Sappiamo inoltre per certo, che una persona con Hiv che segue una terapia efficace non può trasmettere il virus, nemmeno attraverso rapporti sessuali non protetti.

Questo viene riassunto dallo slogan U=U: se l’Hiv non è rilevabile (nel sangue), non si può trasmettere.

Significa che le persone con Hiv possono avere una vita sessuale libera e appagante, possono concepire e generare figl* san*, anche attraverso il parto naturale. Significa che non c’è nessuna condizione, almeno dal punto di vista scientifico, per cui aver paura e discriminare le persone che vivono con Hiv.
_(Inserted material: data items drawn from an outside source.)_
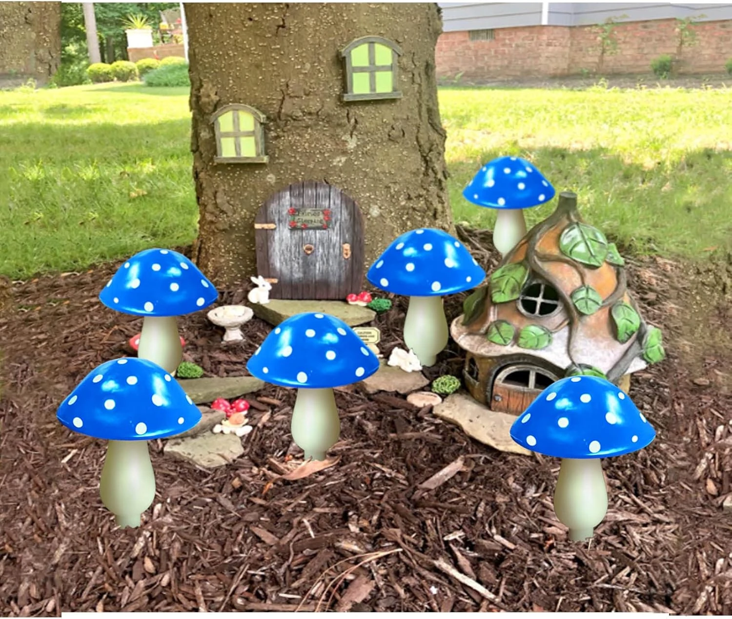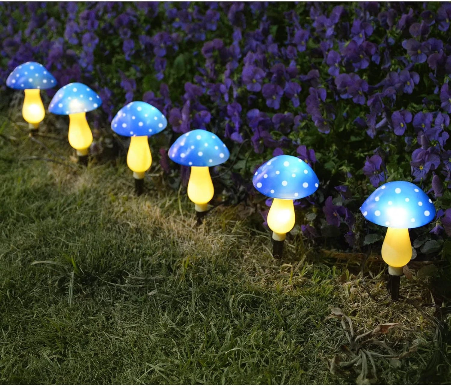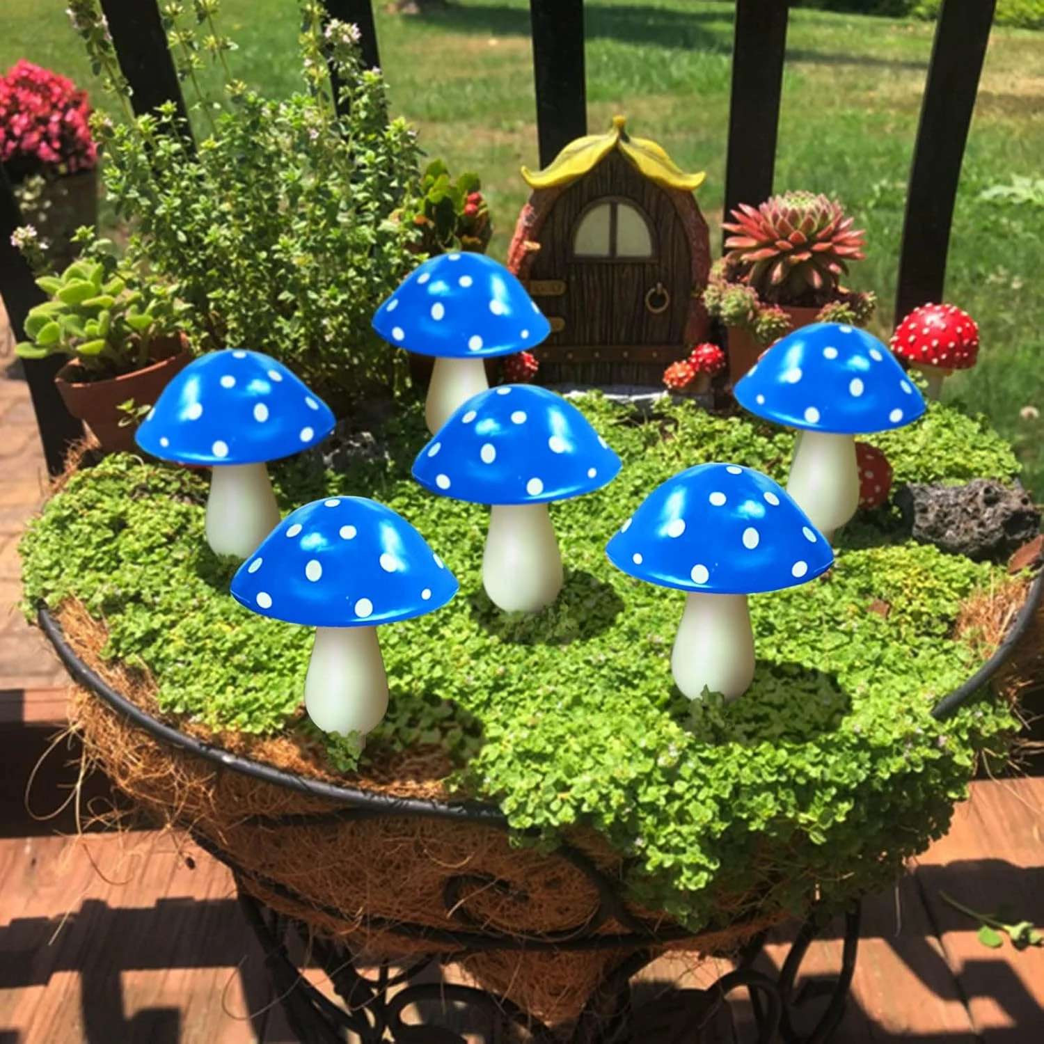 - 6 BLUE MUSHROOMS: 6 Blue Mushroom Each Set, Beautiful and Natural. They add a snap of colour and beauty to any outside garden.
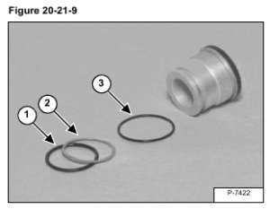Remove the thick O-ring (Item 1) and the back-up washer (Item 2) from the groove in the head. Remove the thin O-ring (Item 3) [Figure 20-21-9].
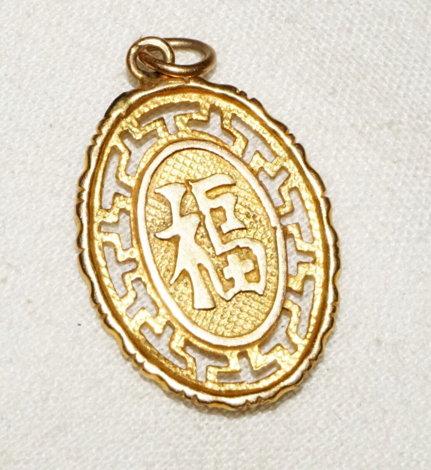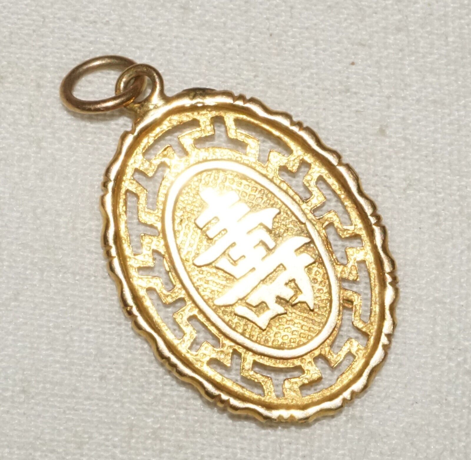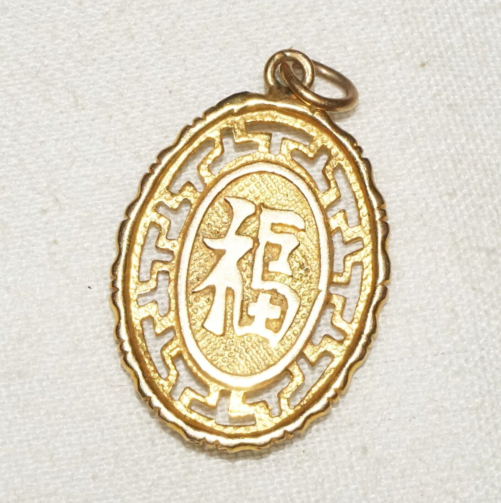 Up for sale from a recent estate in Honolulu Hawaii, this Vintage Chinese 14k yellow gold auspicious character motif oval pierced pendant. The condition is described above for more information please check the photos. Free local pick up possible!!!
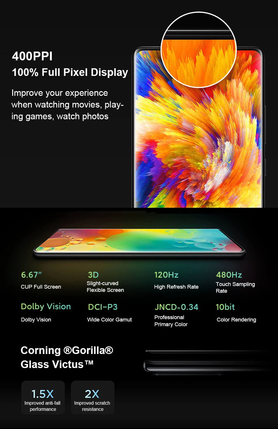 Экран--------6,67 "полноэкранный дисплей чашки, 2400 × 1080 FHD +
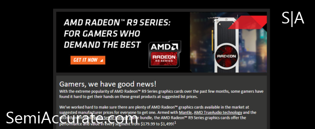 According to a promotional email sent out to the public AMD has been hard at work increasing the supply of Radeon R9 Series GPUs to the point where their current pricing matches up with AMD’s MSRP pricing. Due to a combination of restricted supply, excellent value, and the crypto-currency mining craze the post launch day prices of AMD R9 290 and R9 290X far exceeded the their MSRP’s of $399 and $549 respectively. This pricing madness culminated in a landmark article in February from Anandtech’s Ryan Smith; noting that the Maxwell was green, Skylake was blue, and that the R9 290X was priced at $899 on Newegg.
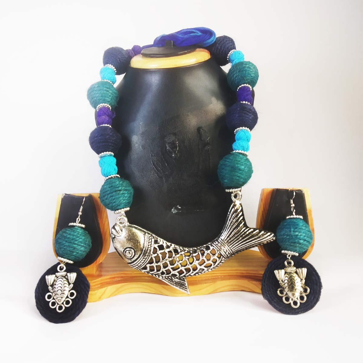 Blue Jute beads and oxidised fish pendant necklace. Comes with matching earrings.
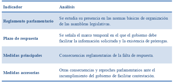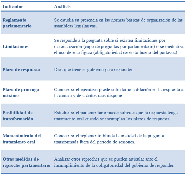 Para su análisis, se han definido siete indicadores agrupados en tres grandes categorías de estudio: formal (blindaje jurídico en el reglamento parlamentario y existencia o no de limitaciones en su ejercicio), procedimental (plazo de respuesta y mecanismos de prórroga) y mecanismos de reproche parlamentario (posibilidad de transformación en pregunta oral, tratamiento de la oralidad de la pregunta convertida y otras medidas accesorias).
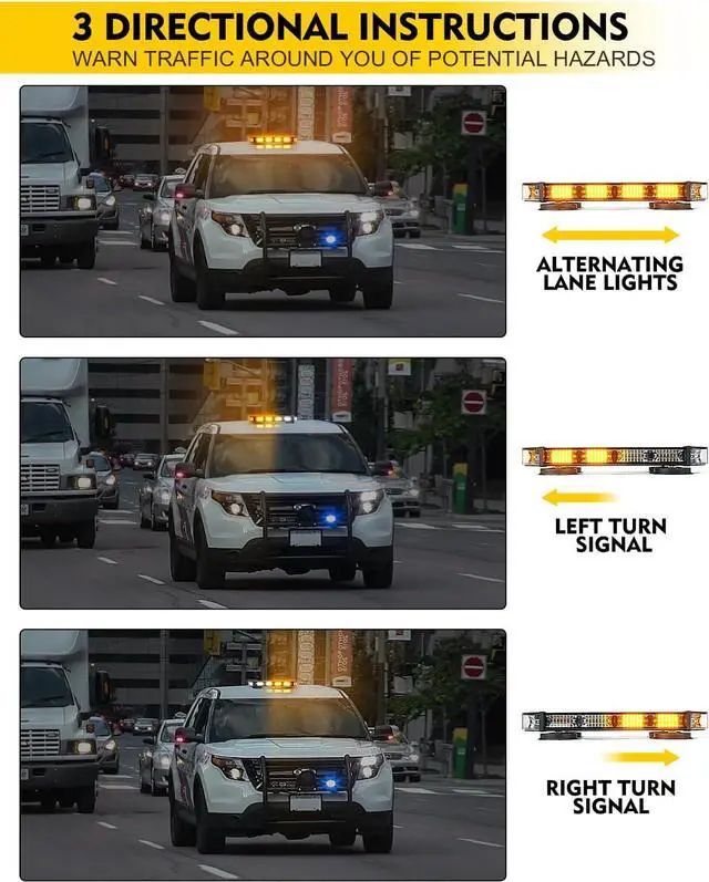 21 FLASHING STROBE PATTERNS - Our LED safety warning light bar offers multiple flashing patterns, including 3 traffic modes, allowing you to choose the most suitable one for your specific needs. Whether you need a steady light, fast strobes, alternating patterns, or synchronized flashes, this hazard caution light bar has you covered. The mode display control panel makes it effortless to switch between modes, and provides versatility, making it ideal for various emergency situations.
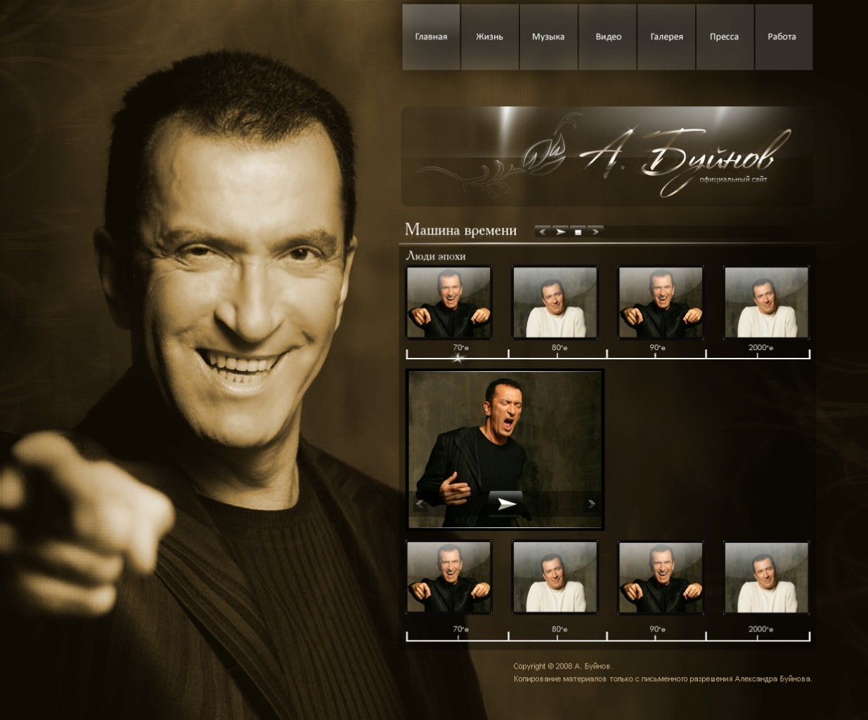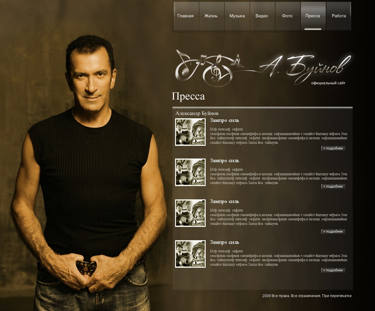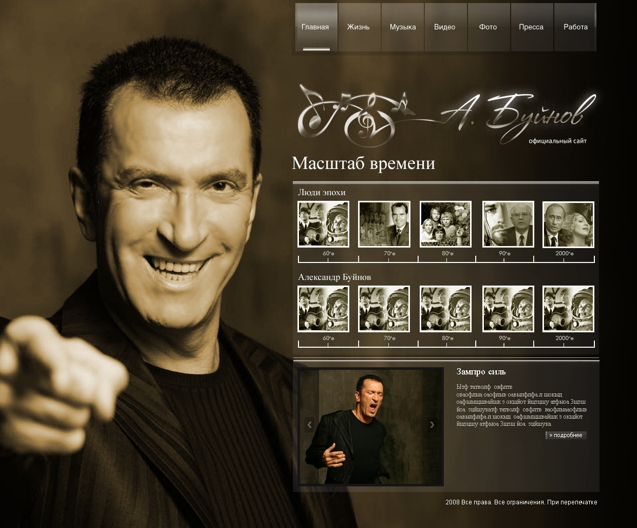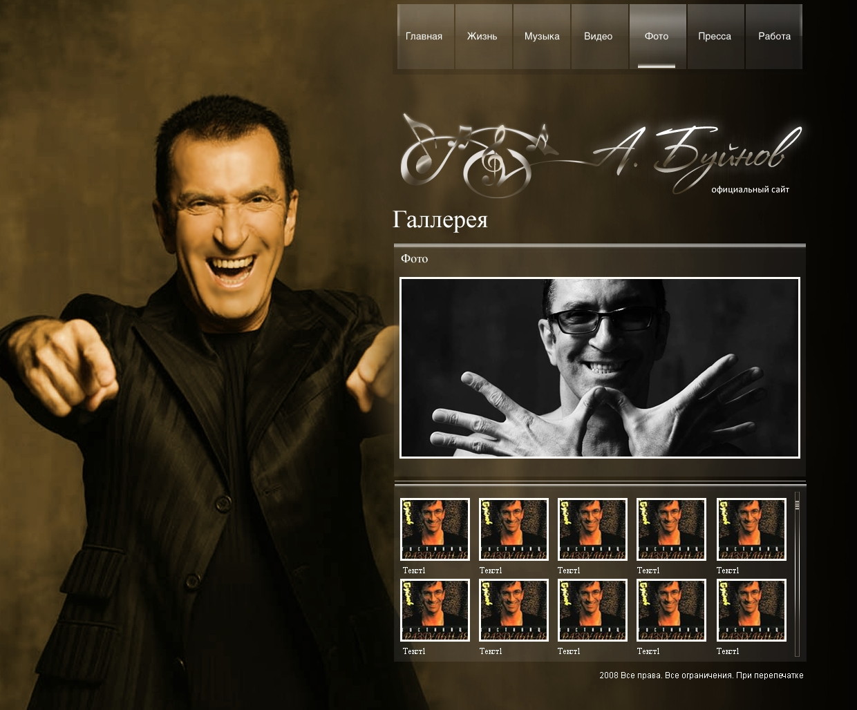 Такой дизайн помогает формировать профессиональный официальный имидж артиста и усиливает эмоциональную составляющую сайта.
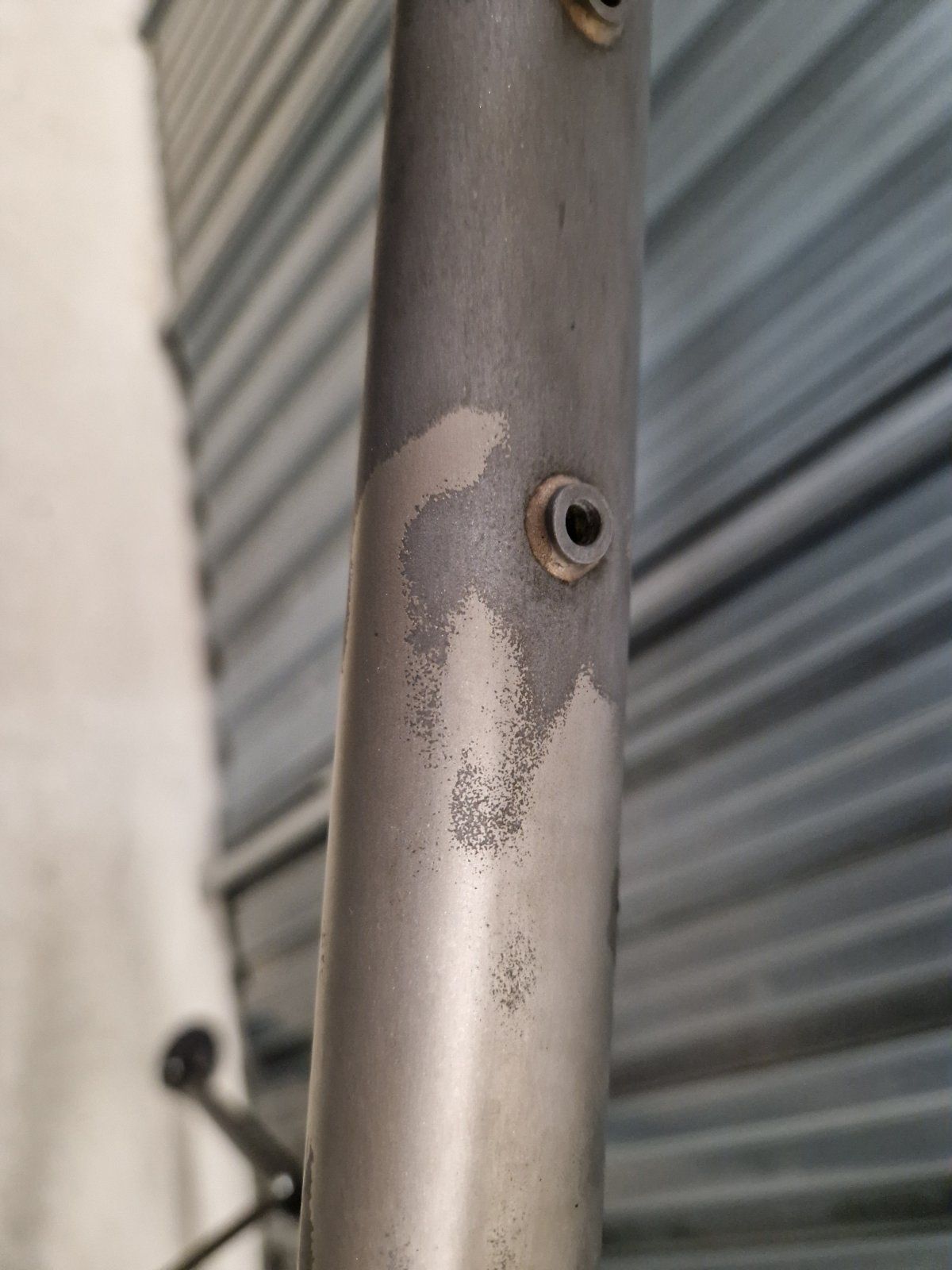 Wie zu sehen, war es recht verbastelt. Die Anbauteile habe ich zur Refinanzierung verwendet, denn ich werde nur das Rahmenset für meinen Aufbau nutzen. Der Rahmen ist leider nachträglich pulverbeschichtet und mit zu jungen Herkelmann-Decals versehen worden. Daher fällt die Wahl auf Entfernen der Beschichtung und Neulack. Der Rahmen soll im Volvo Farbton Fusion Red lackiert werden. Hier in Hamburg bietet sich die Lackierung bei H. Wechsel an, der ja hier mit Suicycle zusammenarbeitet.
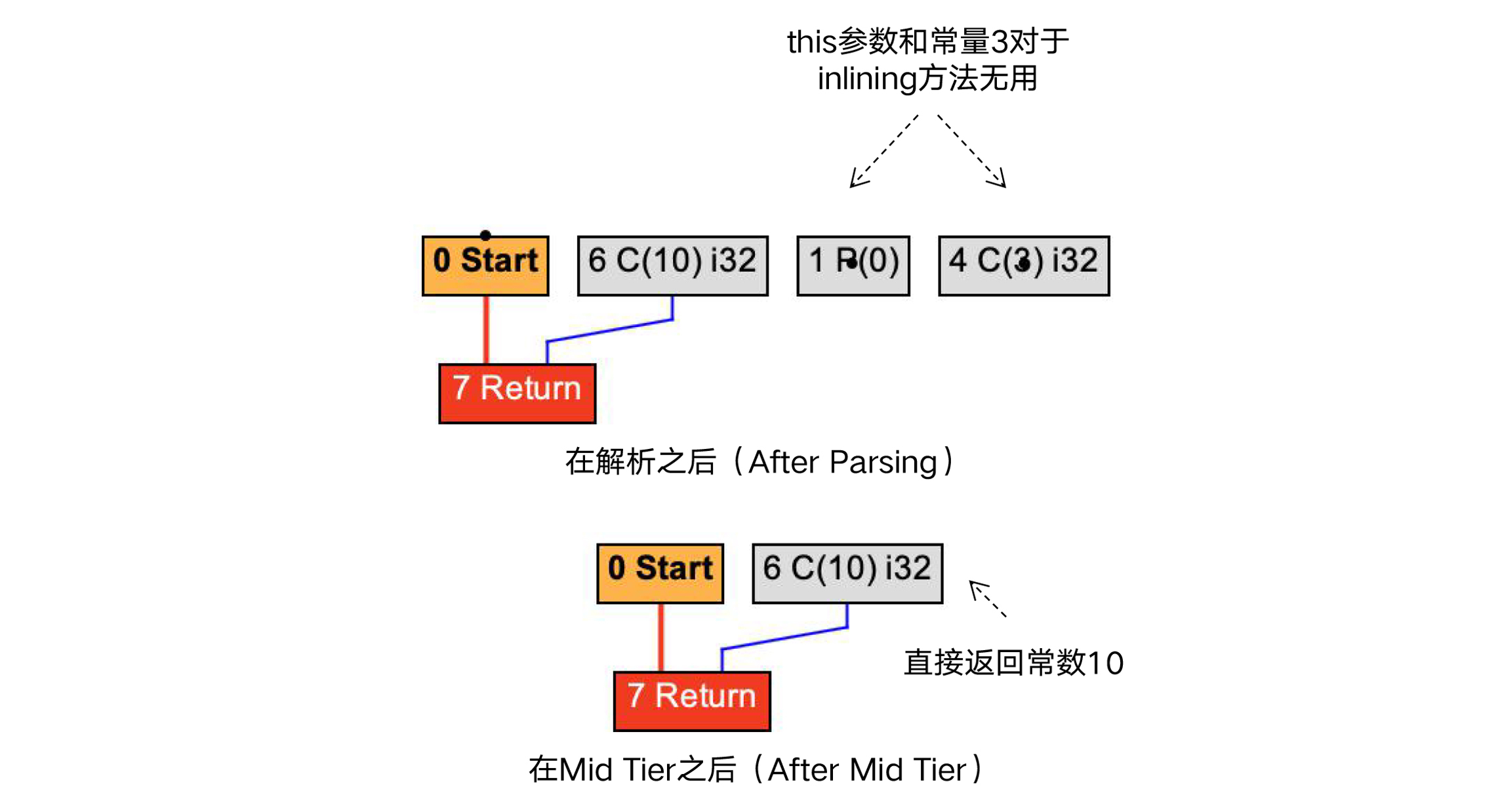 而一旦启用了内联选项,就可以触发一系列的优化。在把字节码解析生成IR的时候,编译器就启动了内联分析过程,从而会发现this参数和常量3对于inliningTest方法根本是无用的,在图里表现成了一些孤岛。在Mid Tier处理完毕之后,inliningTest方法就直接返回常量10了。

Nonostante ciò, vivere con Hiv ancora oggi comporta un enorme peso sociale legato al giudizio delle persone e al pregiudizio verso l’Hiv, il tutto accompagnato da una diffusa disinformazione, con il risultato che permane un forte stigma, che genera a propria volta una forte auto-discriminazione in chi vive con l’Hiv, talvolta accompagnata da altri malesseri sociali, correlati alla condizione di appartenenza a una minoranza (il cosiddetto minority stress).

Questi aspetti di ordine sociale condizionano in modo negativo la qualità della vita delle persone che vivono con Hiv e si aggiungono ad aspetti di ordine medico, come l’invecchiamento precoce e una maggiore propensione a patologie cardio-circolatorie, metaboliche e a problemi di salute mentale, che possono essere correlati a una lunga permanenza del virus nel corpo, o anche agli stessi trattamenti per l’Hiv.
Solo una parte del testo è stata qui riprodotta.